Сама по себе книга постепенно становится архаическим объектом. Ее бумажно-пыльный запах, желтеющие страницы, сама ее материальность – признаки исчезающей цивилизации. Ходишь среди книжных шкафов, полок, стеллажей – и как будто погружаешься в прошлое. В жанре книги еще можно создавать раритеты, произведения книжного искусства, но цивилизация уже двинулась дальше. Глаза привыкли к пространству экрана, к бисерной россыпи электронных букв. Книжные шкафы, ряды корешков – кажется, что все это реликтовый слой, вроде бабушкиных сундуков или старинной мебели, предмет будущих археологических раскопок.
В нашей цивилизации книга родственна телу, соприродна ему, поскольку некая информация занимает место в пространстве, обладает плотностью, инертностью, непроницаемостью для других тел. Но если информация вычИтывается, вычитАется: из книги как тела и из тела как книги – и начинает странствовать в виде каких-то кодовых матриц или электронных пучков, перебегая с экрана на экран, то само тело как трехмерный пространственный объект воспринимается уже как пережиток прошедших эпох. Сведенное к записи генетической формулы, оно будет легко передаваться по электронным сетям с терминала на терминал. Книга и тело, как физические придатки друг друга, разделяют общую судьбу. Американцам уже психологически трудно прикасаться друг к другу, потому что в самом жесте прикосновения чувствуется его архаичность, неадекватность той знаковой субстанции, какую люди собой представляют. Люди становятся все менее телесными, утрачивают ощущение боли и удовольствия.
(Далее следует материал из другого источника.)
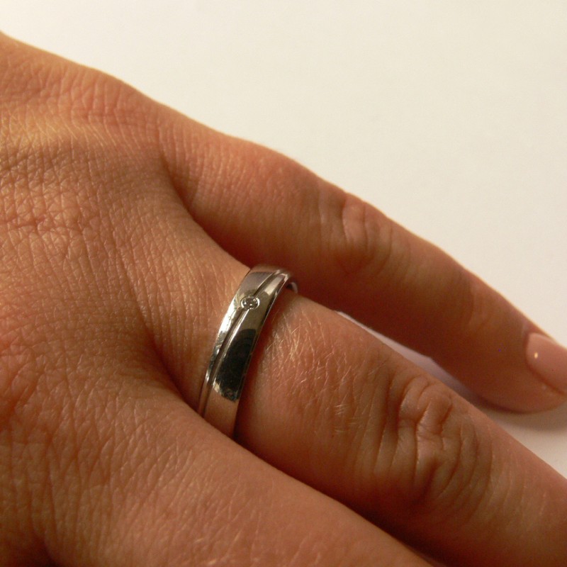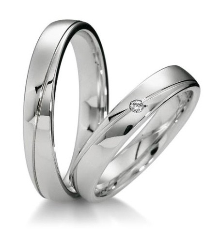 Proste klasyczne jednokolorowe obrączki Breuning wykonane z białego złota w technologii bezszwowej. W obrączce damskiej oprawiony brylant.

Вместо болеющих органов – протезы; вместо удовольствия – здоровье; вместо эроса – спорт… Прикасаться к другому в знаковом обществе – все равно как читать книгу, шевеля губами и водя пальцем по строкам. Только малограмотный может позволить себе так грубо и неприлично отелеснивать знаки.
Библиотека и кладбище
Если долго ходить по современным библиотекам, начинаешь остро чувствовать не просто запах пыли, оседающей в легких, но и нарастающий приступ тоски, которую можно назвать
Люди знают, что они смертны, и готовятся к своему концу. Некоторых утешает то, что лучшая часть их «я», заветные мысли и чувства, итоги многолетних трудов и изысканий переживут их и останутся в памяти потомков. Израильский писатель Амос Оз так размышляет об этом:
…Люди приходят и уходят, рождаются и умирают, и только книги бессмертны. Когда я был маленьким, я хотел вырасти и стать книгой. Не писателем, а книгой. Людей можно убивать, как муравьев. И писателей не так уж трудно убить. Но книгa!.. Даже если ее будут систематически уничтожать, есть шанс, что какой-нибудь один экземпляр уцелеет и, забытый, будет жить вечно и неслышно на полках какой-нибудь отдаленной библиотеки в Рейкьявике, в Вальядолиде, в Ванкувере.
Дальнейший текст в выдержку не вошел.